**What you are asked to do**
Once the images are set aside, print the remaining lines below exactly.

START Supplied material

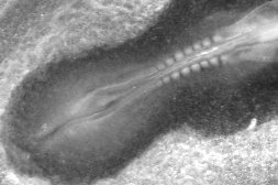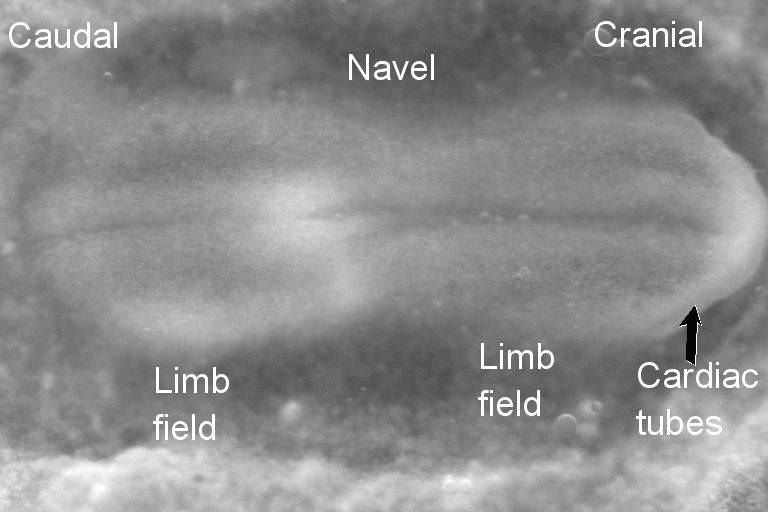 | This is an in vivo image of an embryo at the stage called "neural crest" The embryo has folded, the folds have an "8" shape, and begin to collide | ![]() |
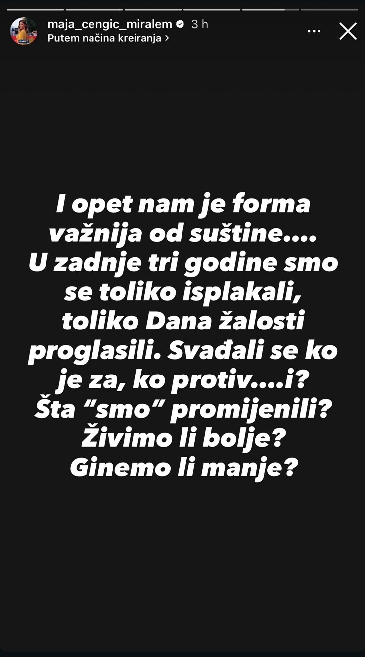 "I opet nam je forma važnija od suštine. U zadnje tri godine smo se toliko isplakali, toliko Dana žalosti proglasili. Svađali se ko je za, ko protiv... I? Šta smo promijenili? Živimo li bolje? Ginemo li manje?".
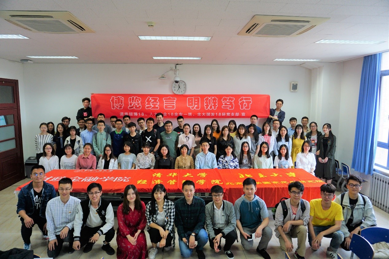 为纪念中华人民共和国建国70周年和五四运动100周年,进一步学习贯彻习近平新时代中国特色社会主义思想,加强学风建设,加强与友校党支部的交流学习和相互联系,2019年5月11日上午,Top 网上赌博网站大全 18级金融专硕一班党支部、北京大学国家发展研究院18级研究生党支部和清华大学经济管理学院经博18党支部在清华大学新水利馆327教室举办了以“博览经言树学风,同心共筑中国梦”为主题的三校党团共建活动。活动旨在倡导牢记建国70周年革命成果,在当代大学生中树立优良学风,为实现中华民族伟大复兴的中国梦添砖加瓦。除了各支部的党员,出席本次活动的还有发展对象、积极分子和优秀团员代表。
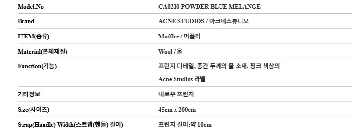 아크네스튜디오 머플러 CA0210 POWDER BLUE MELANGE 내로우 프린지 머플러 당일발송
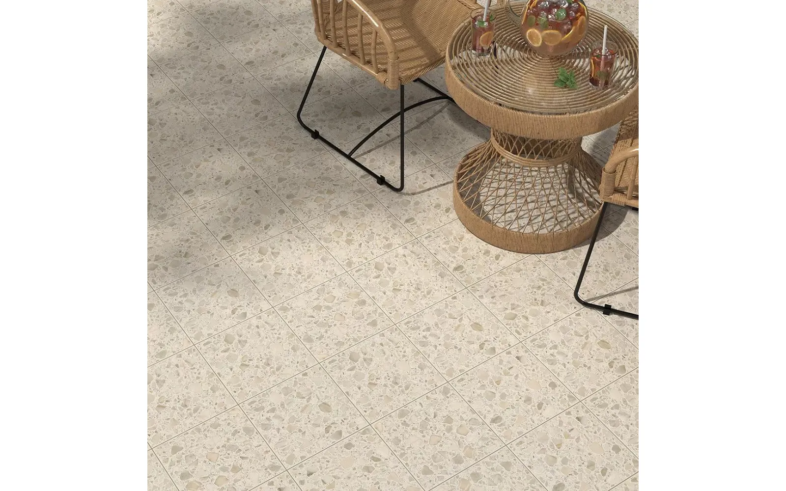 В серии воспроизведён способ укладки, который в Италии называют «кассетонато». Тонкие деревянные планки образуют сетку, в ячейки которой заливается раствор с добавлением каменной крошки. Именно такой эффект создают модная графика базы и декоративные бордюры.
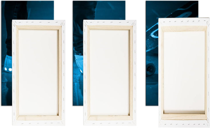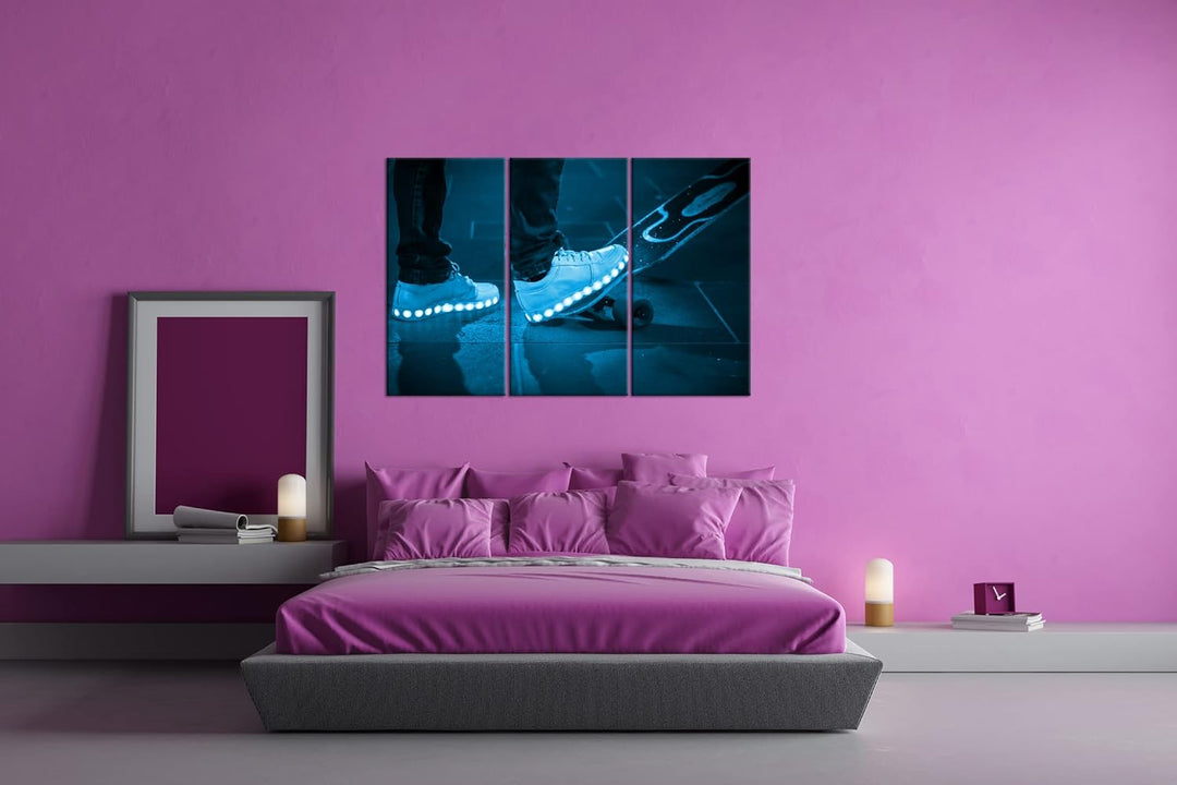 deyoli Skateboardfahrer mit leuchtenden Schuhen Format 120x80 3Teilig Effekt: Monocrome Blau als Lei
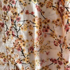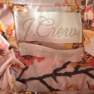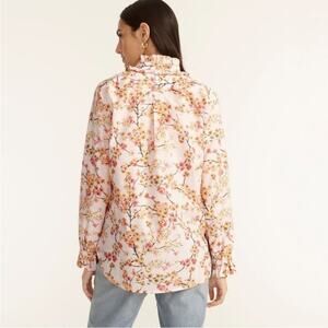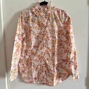 New J. Crew Cherry Blossoms Ruffle Neck Top Pink Multi Floral Long Sleeve Sz 4
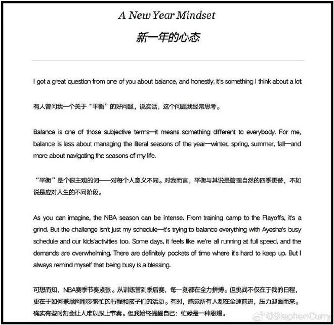 庫里還特意談到了平衡的話題。他說,平衡不是關于時間分配一樣多,而需要保持正確的視角(perspective)。 我沒怎么看懂什么是保持一種視角,他對于時間、平衡的理解應該跟我不太一樣。有沒有人分享下見解。
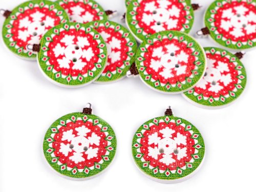 Drevené dekoračné gombíky s vianočnými motívmi. Na prvý pohľad vás zaujmú svojou detailnou farebnou potlačou. Gombíky využijete na aranžovanie napr. sviatočného stola. Môžete ich nalepiť na drevené štipce. Využijete ich tiež v scrapbookingu, kde s nimi môžete ozdobiť rámčeky, priania, menovky, pozvánky, denníky a pod. Potlač je jednostranná, z druhej strany sú gombíky biele. Gombíky sú balené v sáčku. Neodporúčame ich prať.
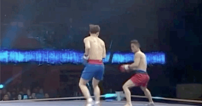 比赛到了第三回合,“君子剑”李明虚晃了一记鞭腿,紧跟着一记爆炸力十足的右手重拳击中对手面门,KO了陈春晖。君子剑七天内贡献两次KO,缔造了中国散打一项前无古人的纪录。
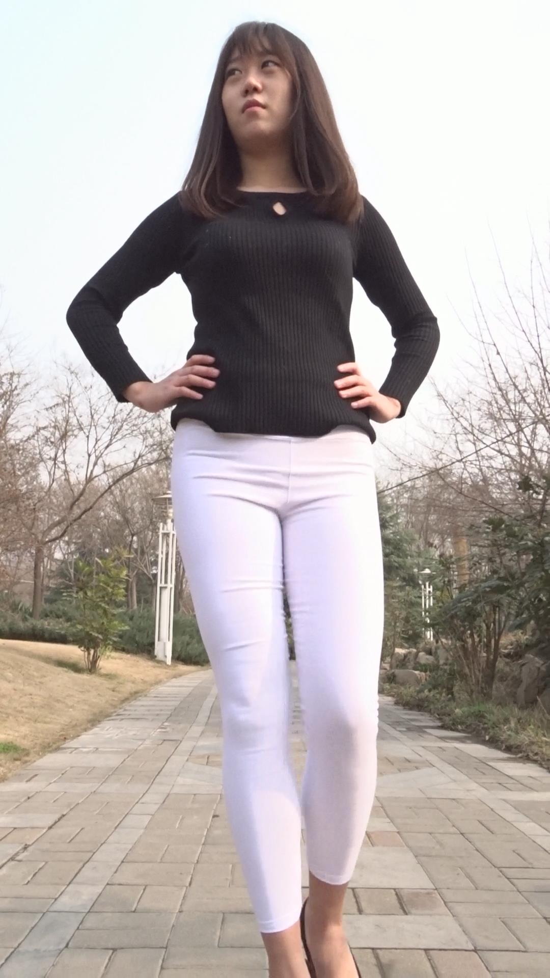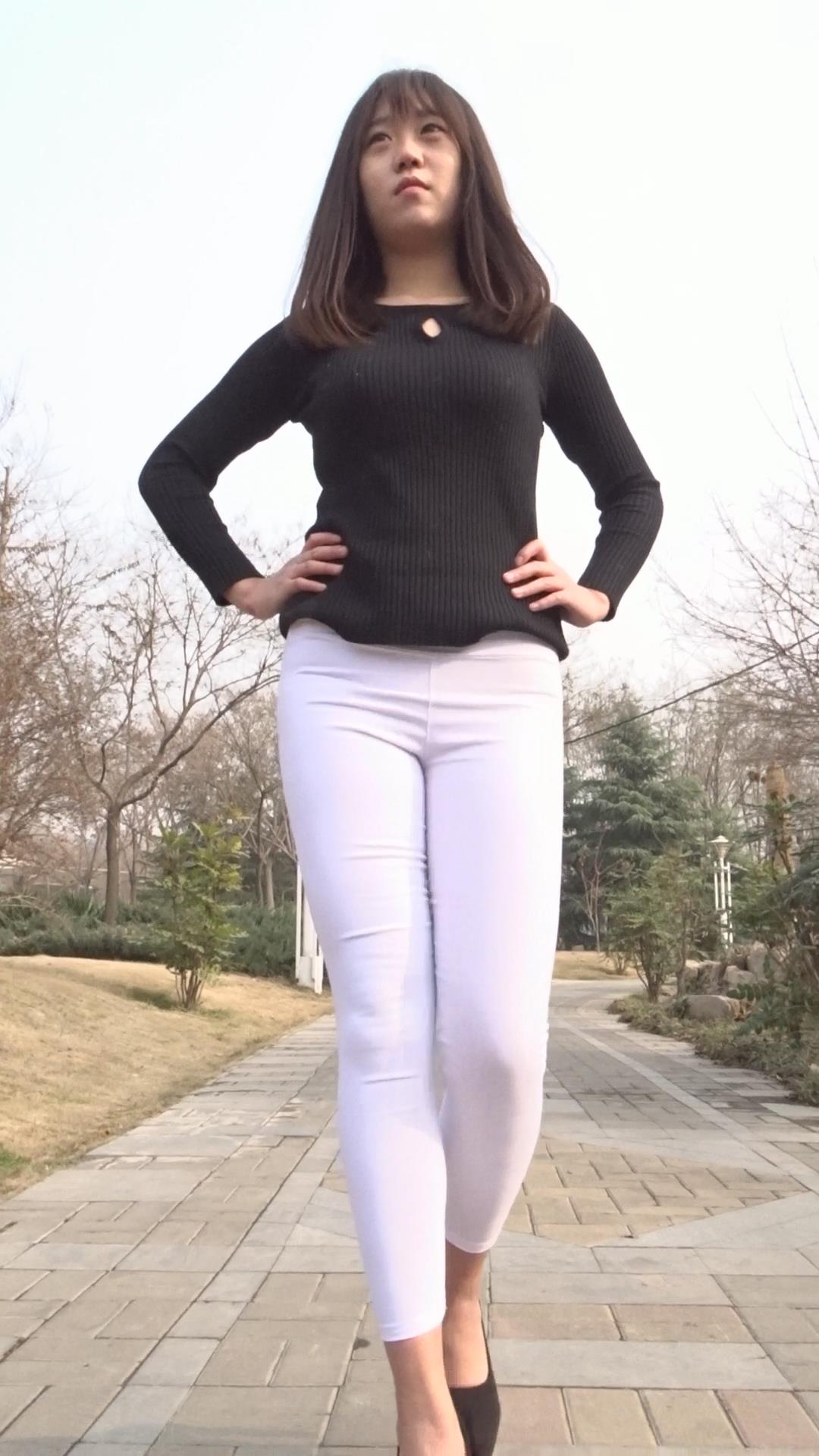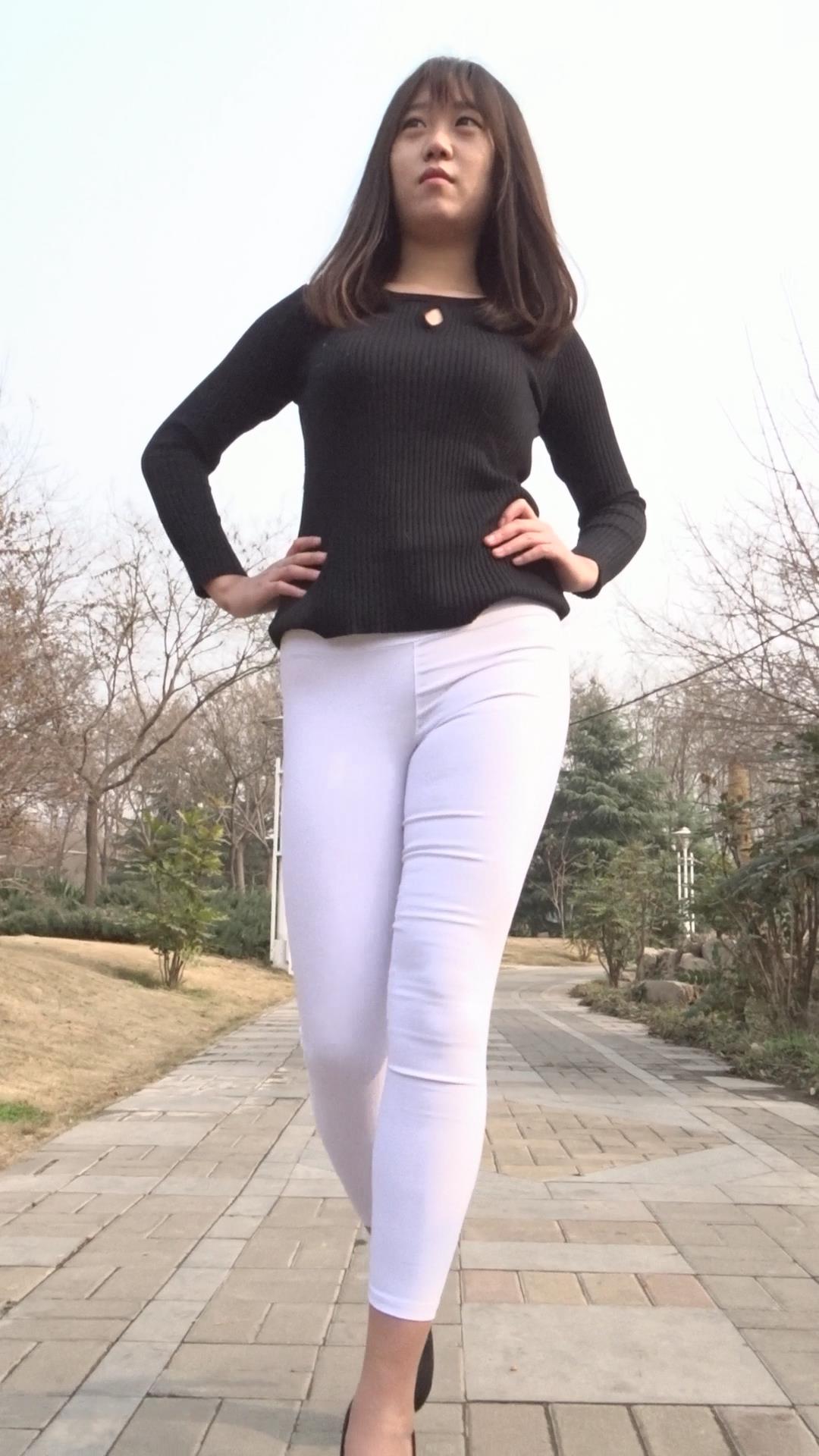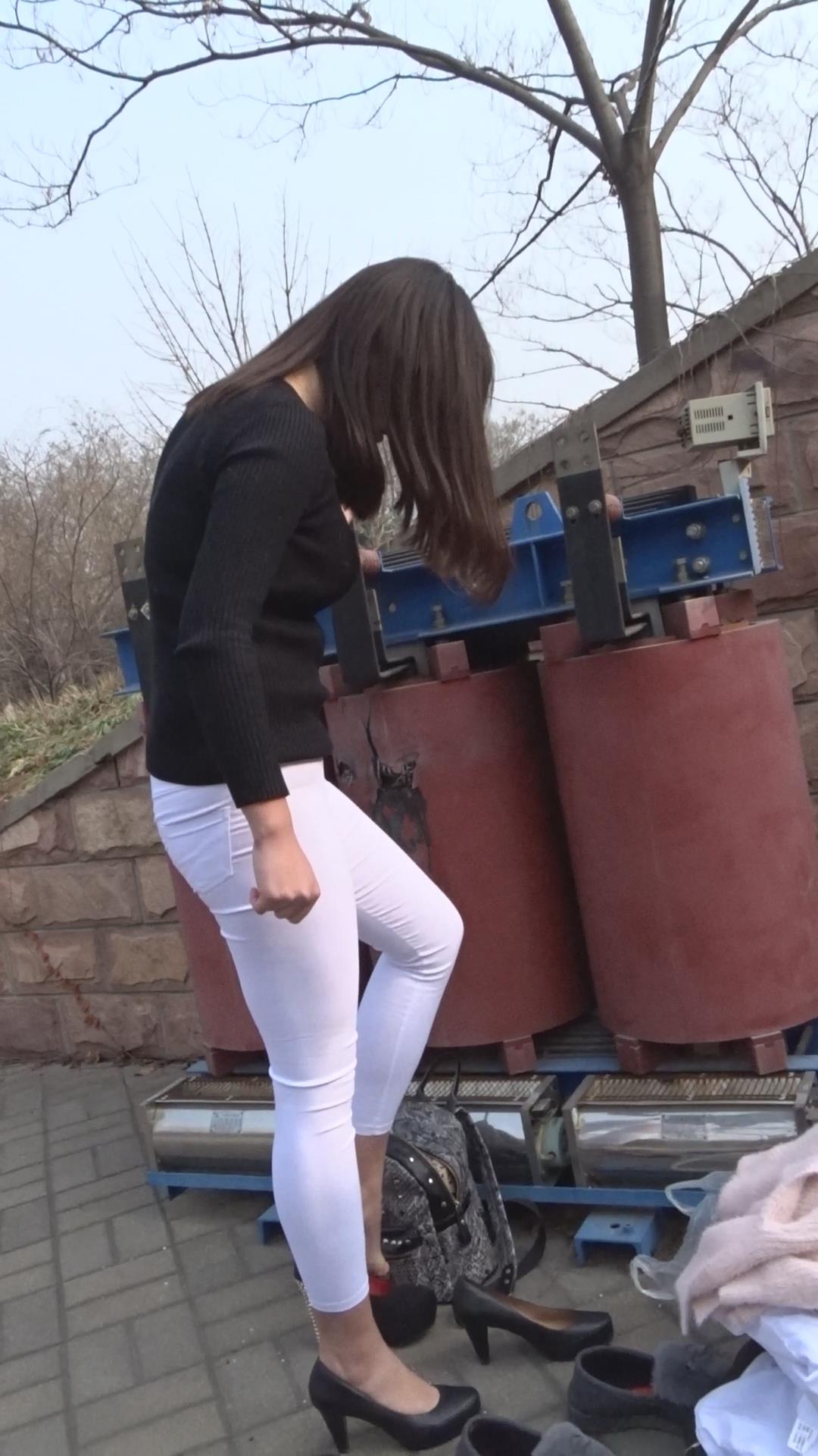 紧身白裤肥臀美眉公园模拍,透明内痕明显 编号6890

END Supplied material

**Solution**
 | This is an in vivo image of an embryo at the stage called "neural crest" The embryo has folded, the folds have an "8" shape, and begin to collide | ![]() |
 "I opet nam je forma važnija od suštine. U zadnje tri godine smo se toliko isplakali, toliko Dana žalosti proglasili. Svađali se ko je za, ko protiv... I? Šta smo promijenili? Živimo li bolje? Ginemo li manje?".
 为纪念中华人民共和国建国70周年和五四运动100周年,进一步学习贯彻习近平新时代中国特色社会主义思想,加强学风建设,加强与友校党支部的交流学习和相互联系,2019年5月11日上午,Top 网上赌博网站大全 18级金融专硕一班党支部、北京大学国家发展研究院18级研究生党支部和清华大学经济管理学院经博18党支部在清华大学新水利馆327教室举办了以“博览经言树学风,同心共筑中国梦”为主题的三校党团共建活动。活动旨在倡导牢记建国70周年革命成果,在当代大学生中树立优良学风,为实现中华民族伟大复兴的中国梦添砖加瓦。除了各支部的党员,出席本次活动的还有发展对象、积极分子和优秀团员代表。
 아크네스튜디오 머플러 CA0210 POWDER BLUE MELANGE 내로우 프린지 머플러 당일발송
 В серии воспроизведён способ укладки, который в Италии называют «кассетонато». Тонкие деревянные планки образуют сетку, в ячейки которой заливается раствор с добавлением каменной крошки. Именно такой эффект создают модная графика базы и декоративные бордюры.
 deyoli Skateboardfahrer mit leuchtenden Schuhen Format 120x80 3Teilig Effekt: Monocrome Blau als Lei
 New J. Crew Cherry Blossoms Ruffle Neck Top Pink Multi Floral Long Sleeve Sz 4
 庫里還特意談到了平衡的話題。他說,平衡不是關于時間分配一樣多,而需要保持正確的視角(perspective)。 我沒怎么看懂什么是保持一種視角,他對于時間、平衡的理解應該跟我不太一樣。有沒有人分享下見解。
 Drevené dekoračné gombíky s vianočnými motívmi. Na prvý pohľad vás zaujmú svojou detailnou farebnou potlačou. Gombíky využijete na aranžovanie napr. sviatočného stola. Môžete ich nalepiť na drevené štipce. Využijete ich tiež v scrapbookingu, kde s nimi môžete ozdobiť rámčeky, priania, menovky, pozvánky, denníky a pod. Potlač je jednostranná, z druhej strany sú gombíky biele. Gombíky sú balené v sáčku. Neodporúčame ich prať.
 比赛到了第三回合,“君子剑”李明虚晃了一记鞭腿,紧跟着一记爆炸力十足的右手重拳击中对手面门,KO了陈春晖。君子剑七天内贡献两次KO,缔造了中国散打一项前无古人的纪录。
 紧身白裤肥臀美眉公园模拍,透明内痕明显 编号6890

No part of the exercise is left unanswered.